Earlier diagnostic screening, routine and emerging therapies, and increased awareness are helping people with the lysosomal storage disorder Fabry disease lead longer, healthier lives. Because Fabry disease is rare, however, it can be misdiagnosed and treated incorrectly – for years and by various providers – while the patient’s health declines.
Four Fabry disease experts shared their perspectives, and recommendations, with Neurology Reviews 2023 Rare Neurological Disease Special Report.
What is Fabry disease?
Fabry disease is an X-linked lysosomal storage disorder caused by mutations in the galactosidase alpha (GLA) gene that causes reduced or absent alpha-galactosidase A (alpha-Gal A) enzyme activity. As a result, globotriaosylceramide (Gb3) accumulates, leading to cell, tissue, and organ damage in a range of systems. People with Fabry disease can develop progressive renal and cardiovascular dysfunction, neuropathy, and psychiatric disorders. They can experience cerebrovascular events; have eye, skin, gastrointestinal, and neuro-otologic involvement; and die prematurely.
Estimates of Fabry disease prevalence in the general population range from approximately 1 in 40,000 to 1 in 117,000 people. As an X-linked disorder, Fabry disease has been considered a disease mainly of males; however, affected females who are heterozygous for GLA mutations can remain asymptomatic through a normal lifespan or be as severely affected as a male would be.

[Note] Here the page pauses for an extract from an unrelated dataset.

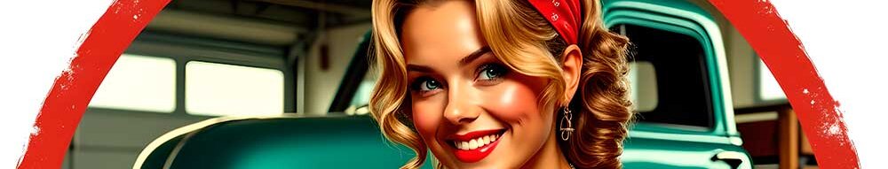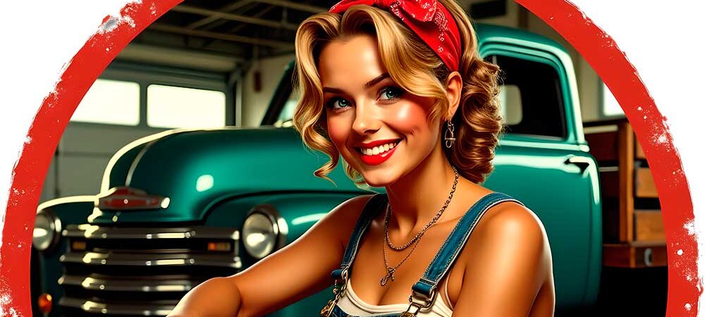 Dieses einzigartige Retro-Design zeigt eine Pin-up Mechanikerin in Werkstattmontur, die an einem klassischen Oldtimer schraubt. Perfekt für Liebhaber von Vintage, Rock’n’Roll und Oldtimer-Kultur. Ideal für Shirts, Poster oder Accessoires. Bringt 50er-Jahre Werkstatt-Feeling in dein Outfit oder Deko.

Generally speaking, for every Fabry patient whose disease is diagnosed, there are five undiagnosed family members. Fabry disease affects future generations: Many patients are in their reproductive years; they want to have children and are therefore concerned about passing down the disease.
Symptoms of classic Fabry disease tend to appear during childhood or adolescence, often, and as early as 2 years of age, as acroparesthesias that intensify over time. In late-onset Fabry disease, symptoms might begin with renal failure or heart disease in the patient’s 30s, or later.

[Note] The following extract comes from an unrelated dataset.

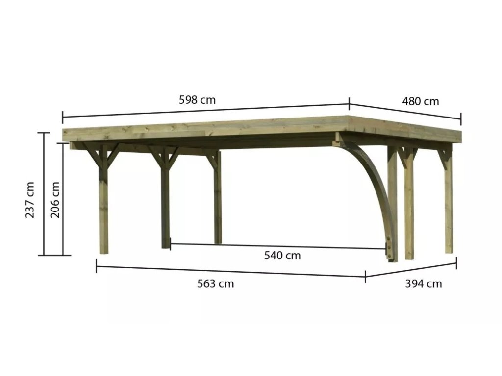 Přístřešek na auto - obdélníkový tvar a svými rozměry vyhovuje většině modelů vozidel běžných na českém trhu. Celková zastřešená plocha je 5,98 x 4,80 m. Průjezdná výška je 206 cm. Střechu podpírá šest dřevěných sloupků 11,5 x 11,5 cm. Konstrukce přístřešku je tlakově impregnována a je tak dobře chráněna proti dřevokazným houbám i hmyzu, ale i proti nepříznivým povětrnostním podmínkám. Impregnace je zdravotně nezávadná a naprosto bezpečná. Vzhledem k velkým plochám střechy a zatížení větrem je nutné připevnit přístřešek k zemi pomocí odpovídajících zemních kotev (nejsou obsahem dodávky - lze dokoupit jako příplatkové příslušenství).

“Patients with classic Fabry disease commonly complain of acroparesthesias or whole-body pain,” said Anjay Rastogi, MD, PhD, professor of clinical medicine, clinical chief of nephrology, and director of the Fabry Disease Program at UCLA Health, Los Angeles. “With neuropathic pain, drugs like nonsteroidal anti-inflammatory drugs will probably not lessen the pain and might cause further cardiovascular, kidney, and other problems. So much of this pain is controlled by medications that are specific for nerves, including phenytoin, carbamazepine, and gabapentin.”
Dr. Anjay Rastogi
How do patients with Fabry disease typically present?

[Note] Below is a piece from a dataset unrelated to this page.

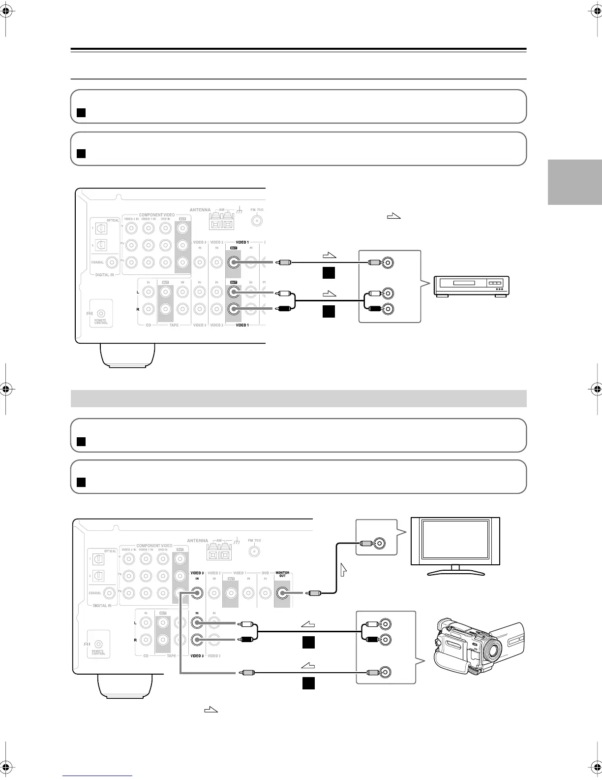 Connect your camcorder’s audio output jack to the AV receiver’s VIDEO 3 IN L/R jacks.

“Typically, with classic Fabry, young men visit the neurologist in their teenage years or later due to acroparesthesias – burning and tingling of the hands and feet,” further explained Gerald Vincent Raymond, MD, professor of genetic medicine and neurology and director of the Lysosomal Storage Disease Center at Johns Hopkins Medicine in Baltimore. “Sometimes they come to the attention of neurologists as 20- to 30-year-old men with strokes.